Together with bassist Julian Li and percussionist Ramu Thiruyanam, this cosmopolitan quartet followed up with movements from Bolling’s Suite for Flute and Jazz Trio, his most often-heard work. The formally-trained Bolling was so adept in merging jazz and classical idioms that his fusion pieces are equally beloved by artists across the stylistic divide.
Sentimentale is already an established classic, the flute’s legato passages well contrasted with the movement’s groovily rhythmic central section. The jig-like bantering of Fugace was in the form of a fugue, the tricky counterpoint of which J.S.Bach would have been proud. The easy swing of Irlandaise (Irish) would soon give way to frenetic pulse of Veloce, which closed the concert’s first half with stunning aplomb.
While this music sounds easy to the ear, it is very difficult to pull off convincingly. The quartet was not just on top of their game, but also having great fun.
The oldest piece on show was Camille Saint-Saens’s shimmering Aquarium from Carnival of the Animals, which made an appearance in The Curious Case of Benjamin Button.
Far more recent was the music of Yann Tiersen, whose La valse d’Amelie and Comptine dun autre ete, l’apres-midi in The Fabulous Destiny of Amelie Poulain had little to do with Ravel or Debussy, but more the drolleries of Erik Satie married with minimalism.
From Ludovic Bource, George Valentin and Waltz for Peppy from The Artist had ragtime and dancehall influences, sounding as elegant and insouciant as French music could possibly be. Ramu tapping on wood blocks was a sight to behold. The ubiquitous Michel Legrand had to feature sometime, his bittersweet minor key melodies of Windmills of Your Mind (The Thomas Crown Affair) and The Umbrellas of Cherbourg being greeted with knowing approval.

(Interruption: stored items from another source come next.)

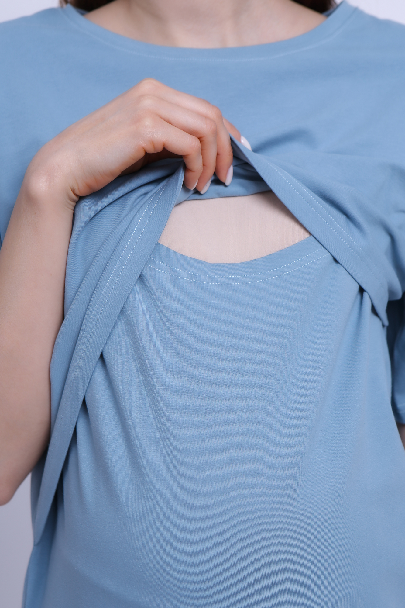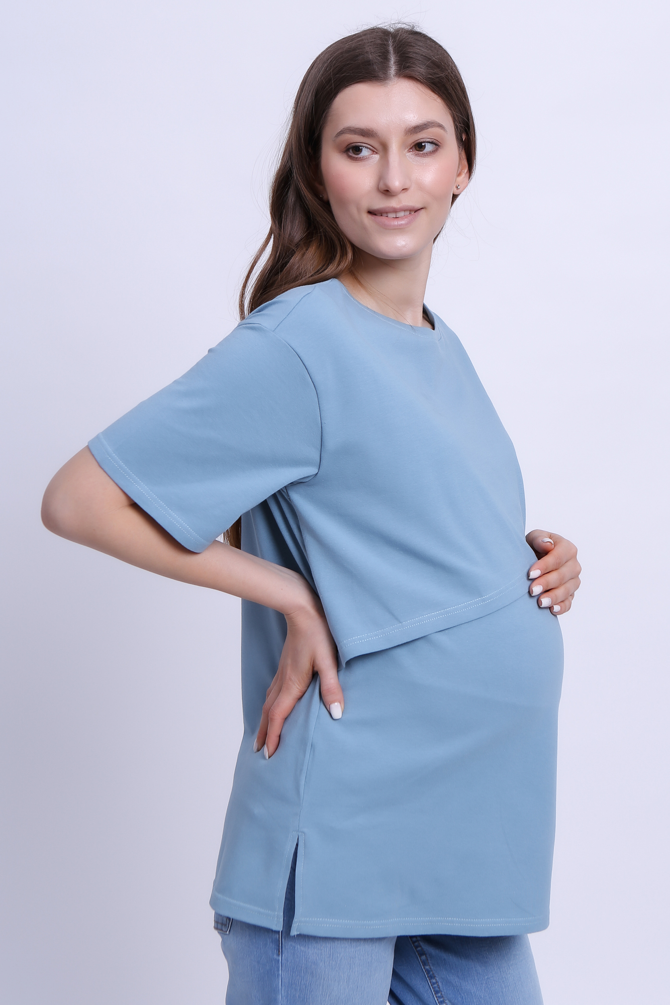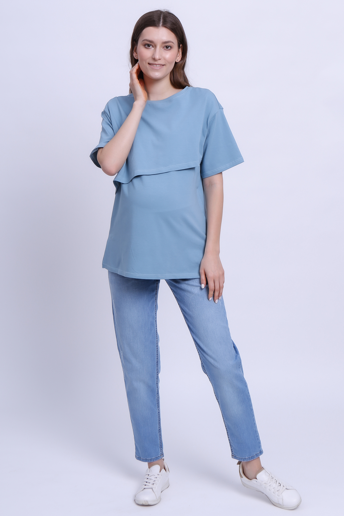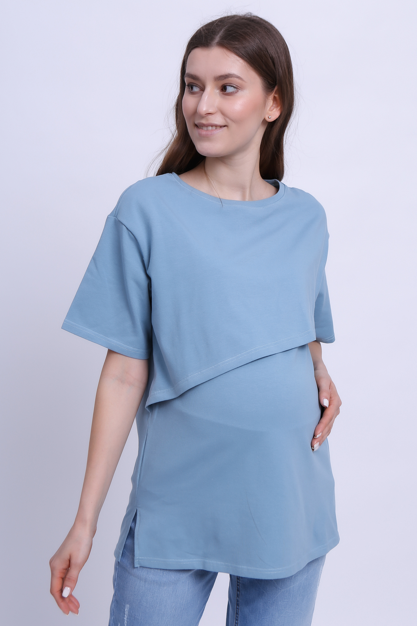 Футболка свободного кроя для беременных и кормящих выполнена из хлопкового трикотажа. Благодаря фасону оверсайз футболку можно носить на любом сроке беременности и после нее. Специальная конструкция позволяет комфортно покормить малыша в любой ситуации.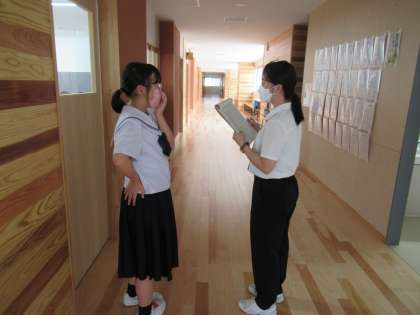 1人ずつ、廊下で教科担任の先生の質問に答える「パフォーマンステスト」を行っています。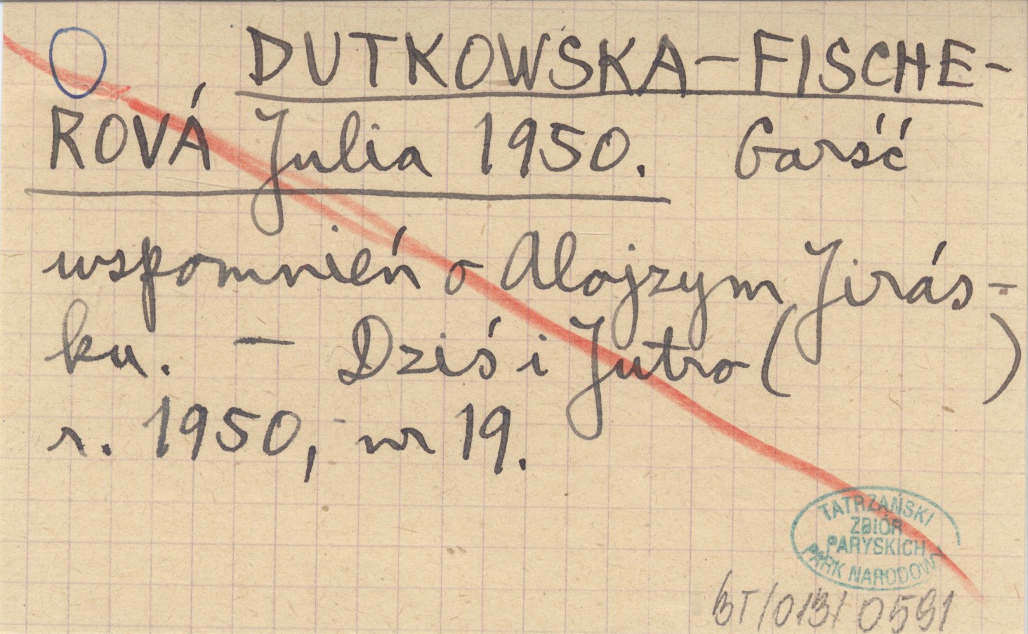 DUTKOWSKA-FISCHEROVÁ Julia 1950 Garść wspomnień o Alojzym Jirásku.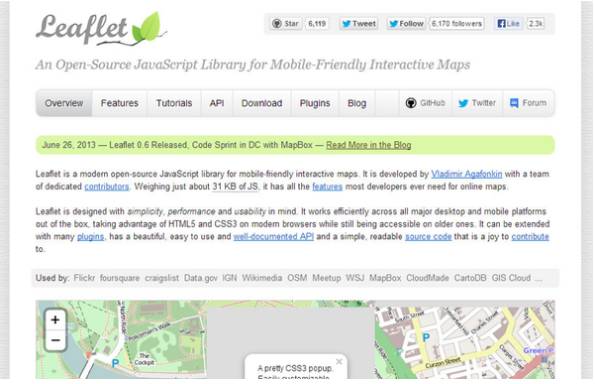 13Leaflet // @LeadletJS一个开源JavaScript库,Leaflet是用来创建移动友好性、交互式地图的工具。由Vladimir Agafonkin和一个团队贡献开发而成,Leaflet设计的目标是简洁性、表现性和易用性。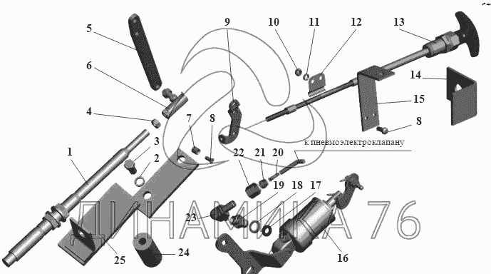 Перечень комплектующих от Привод управления двигателем 104-1108002-60 на МАЗ-152 (2011)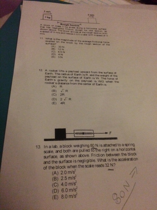 . In a lab a block weighing 80 N is attached to a spring scale and both are pulled to the right on a horizontal surface as shown above. Question 2 In a lab a block weighing 80 N is attached to a spring scale and both are pulled to the right on a horizontal surface as shown above. Friction between the block and the surface is negligible.

A suite of movie melodies were thus paraded, from Alexandre Desplat’s Elisa’s Theme from The Shape of Water (a waltz of touching simplicity), Francis Lai’s A Man and A Woman (a swinger known only to people of a certain vintage) to Carlos D’Alessio’s End Credits to Delicatessen (appropriately cheerful for a black humour horror pic about cannibalism).
It was, however, back to Bolling that the fab four returned for an encore, the Love Theme from California Suite. That was simply charming.